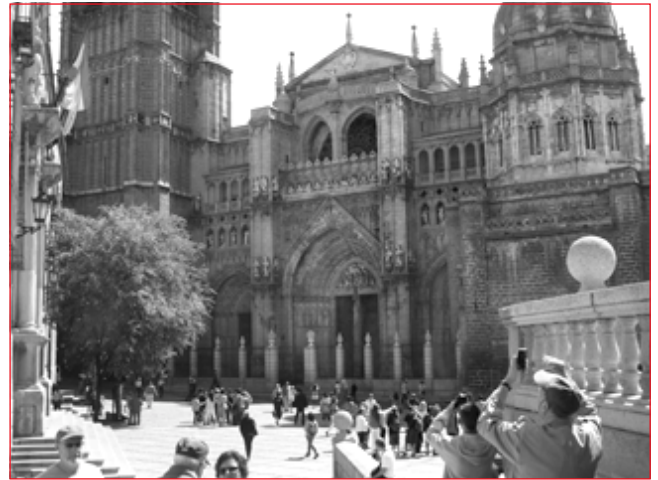
Spain's Toledo Cathedral, built from 1226 to 1493, is ranked among the greatest Gothic structures in Europe.

European soccer cup. How lucky we felt to be part of this exciting moment, surrounded by the throngs of celebrants in the streets following the game! We witnessed a huge gathering of young people peacefully demonstrating for weeks, sleeping in tents in the plazas of Madrid and Barcelona, demonstrating their angst about the forty two percent employment among the youth of Spain. We marveled at the infrastructure in these cities with their bullet trains, vast underground tunnels to drive through and immense underground parking lots. We also found delights just sitting in the plazas, sipping wine and eating tapas at little umbrella covered tables, relaxing and people watching.
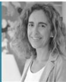
Ibone Bengoetxea Deputy Mayor, Bilbao City Council

The challenge of good governance in local administrations
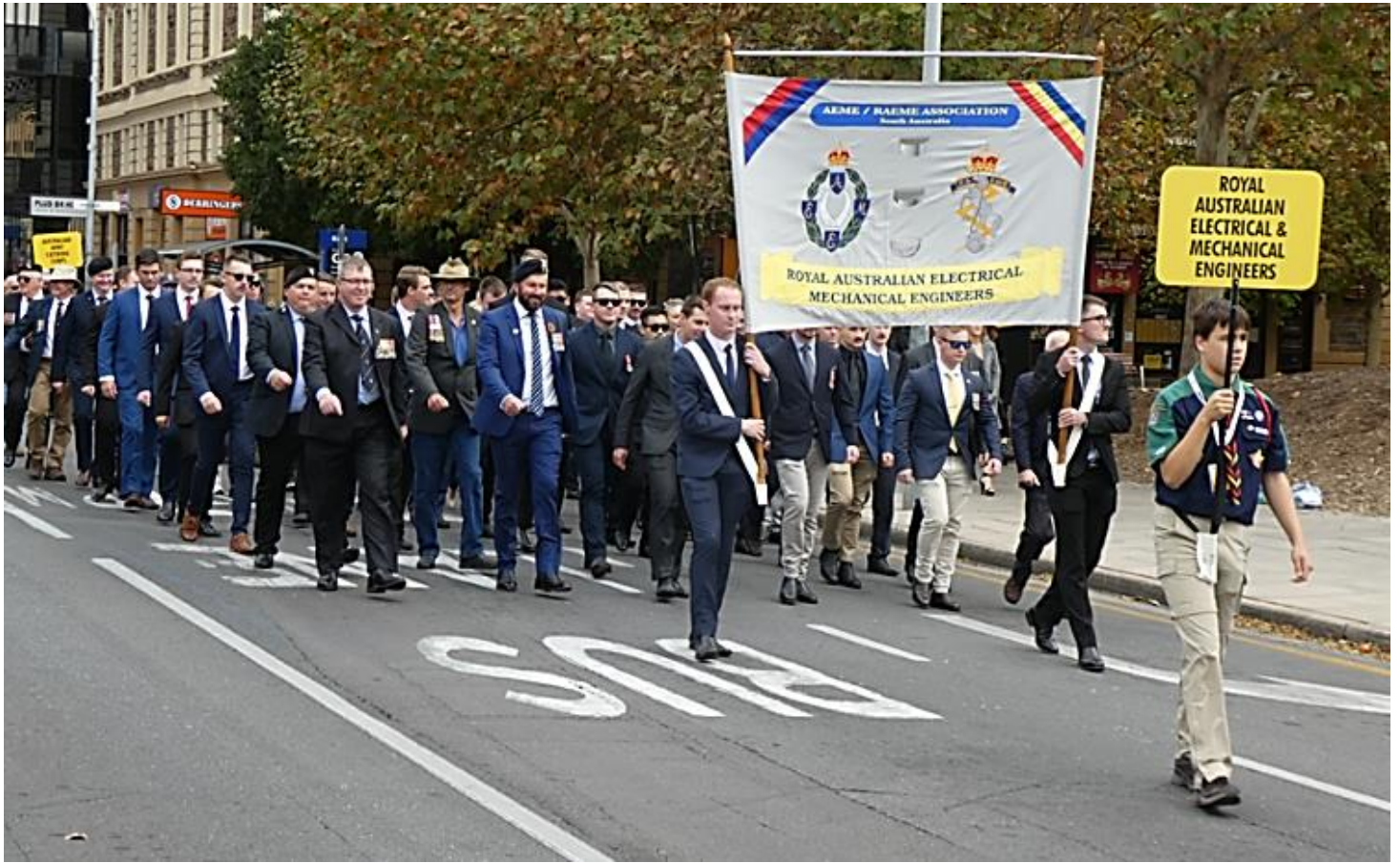
Our RAEME Association group just after stepping off
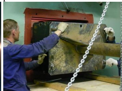
Installation of technological equipment of hot chambers
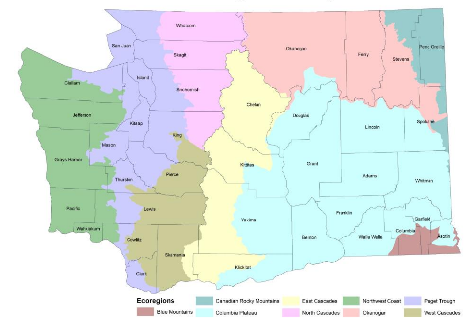
Figure 1. Washington counties and ecoregions.

Ecoregion : Ecoregions are biologically-defined geographic areas with similar environmental, physiographic, or vegetation patterns. WNHP follows the classification of Camp and Gamon (2011). Two-letter codes are used for ecoregion names (Figure 1). Vague or unconfirmed reports are indicated by ?.
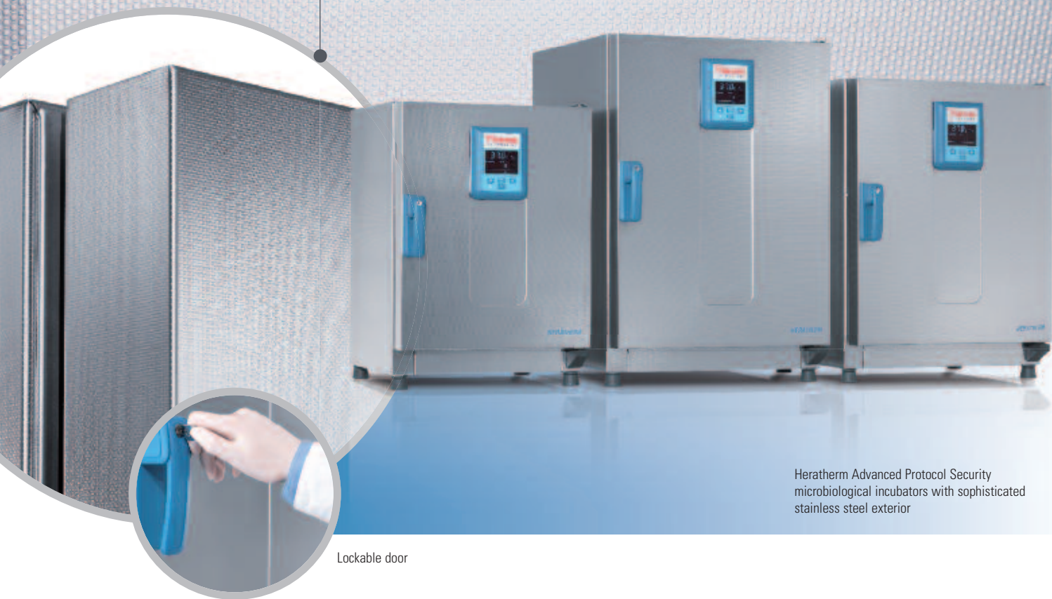
Heratherm Advanced Protocol Security microbial incubators with sophisticated stainless steel exterior
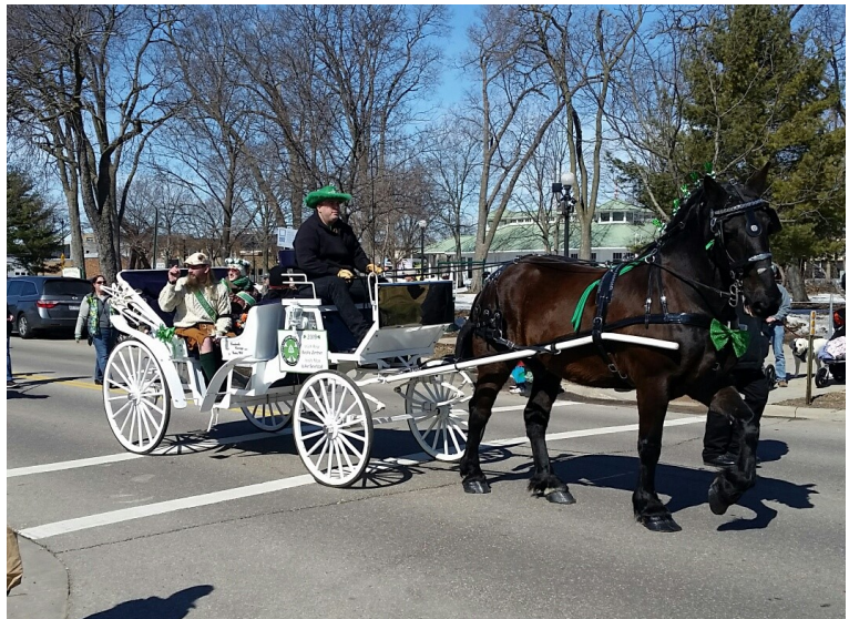
Even the horse and carriage were decorated for the parade.
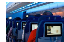
AEROSPACE Galley and Entertainment Equipment

What industries use EMI filters: Aerospace, Appliances, Automation & Control, Communications & Wireless Equipment, Connected Home, Consumer Solutions, Data Centers, Defense & Military, Energy & Utilities, Hybrid & Electric Mobility, Industrial Machinery, Intelligent Buildings, Medical & Healthcare Oil & Gas / Marine, Rail, Subsea Communications, Truck, Bus & Off-Road Vehicles
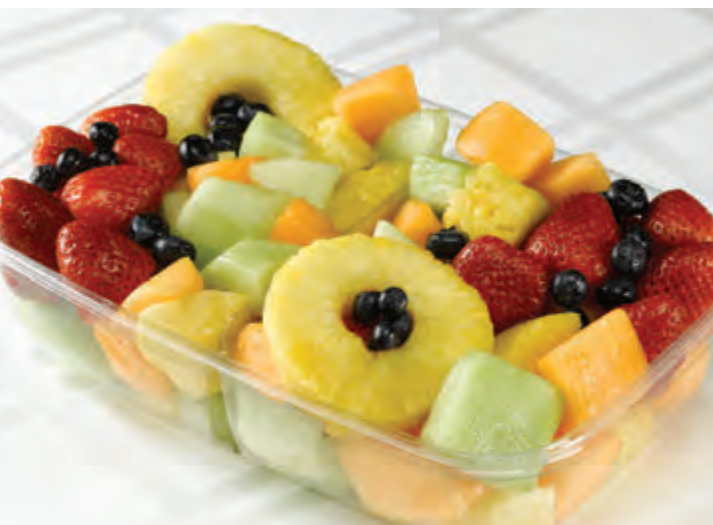
Fresh Luau Bowl Cantaloupe, Honeydew, Pineapple, Strawberries, Red Grapes and Blueberries. (Fruit may vary by season) Serves 5–7

Sliced Fruit Tray Honeydew Melon, Cataloupe Melon, Pineapple, Strawberries, Watermelon, Orange and Kiwi Slices, Red Grapes and Seedless Green Grapes. Medium Serves 10-12 Large Serves 20–25
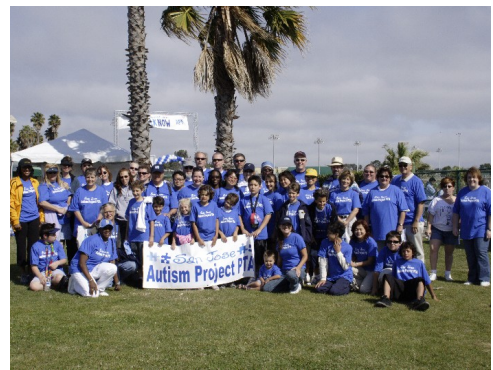
45 team members participated in the 5K walk For more information about CAN visit: www.cureautismnow.org

The Autism Project PTA joined forces with parents, teachers, children and community supporters to make a strong presence at the CAN – Cure Autism Walk on June 10, 2006. This was just one way we could give back to the community who helps our children. We want to thank each and everyone who came out that day and anyone who sponsored a walker with a donation. GREAT JOB team!
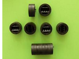
Figure #3 GXR-P doublet ME
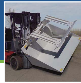
液压力铲斗 Hydraulic Bucket

独特的设计可实现夹臂向内折叠，应用于作业空间受限的场合。 Special design that allows the arms to be folded inwards. Used in areas where space is limited.

** WHAT TO DO **
Make an exact copy of the lines from the one holding "Installation of technological" through the end of the material, both ends included, and keep the pictures out of it.

** TASK OUTPUT **
Installation of technological equipment of hot chambers
Figure 1. Washington counties and ecoregions.

Ecoregion : Ecoregions are biologically-defined geographic areas with similar environmental, physiographic, or vegetation patterns. WNHP follows the classification of Camp and Gamon (2011). Two-letter codes are used for ecoregion names (Figure 1). Vague or unconfirmed reports are indicated by ?.
Heratherm Advanced Protocol Security microbial incubators with sophisticated stainless steel exterior
Even the horse and carriage were decorated for the parade.
AEROSPACE Galley and Entertainment Equipment

What industries use EMI filters: Aerospace, Appliances, Automation & Control, Communications & Wireless Equipment, Connected Home, Consumer Solutions, Data Centers, Defense & Military, Energy & Utilities, Hybrid & Electric Mobility, Industrial Machinery, Intelligent Buildings, Medical & Healthcare Oil & Gas / Marine, Rail, Subsea Communications, Truck, Bus & Off-Road Vehicles
Fresh Luau Bowl Cantaloupe, Honeydew, Pineapple, Strawberries, Red Grapes and Blueberries. (Fruit may vary by season) Serves 5–7

Sliced Fruit Tray Honeydew Melon, Cataloupe Melon, Pineapple, Strawberries, Watermelon, Orange and Kiwi Slices, Red Grapes and Seedless Green Grapes. Medium Serves 10-12 Large Serves 20–25
45 team members participated in the 5K walk For more information about CAN visit: www.cureautismnow.org

The Autism Project PTA joined forces with parents, teachers, children and community supporters to make a strong presence at the CAN – Cure Autism Walk on June 10, 2006. This was just one way we could give back to the community who helps our children. We want to thank each and everyone who came out that day and anyone who sponsored a walker with a donation. GREAT JOB team!
Figure #3 GXR-P doublet ME
液压力铲斗 Hydraulic Bucket

独特的设计可实现夹臂向内折叠，应用于作业空间受限的场合。 Special design that allows the arms to be folded inwards. Used in areas where space is limited.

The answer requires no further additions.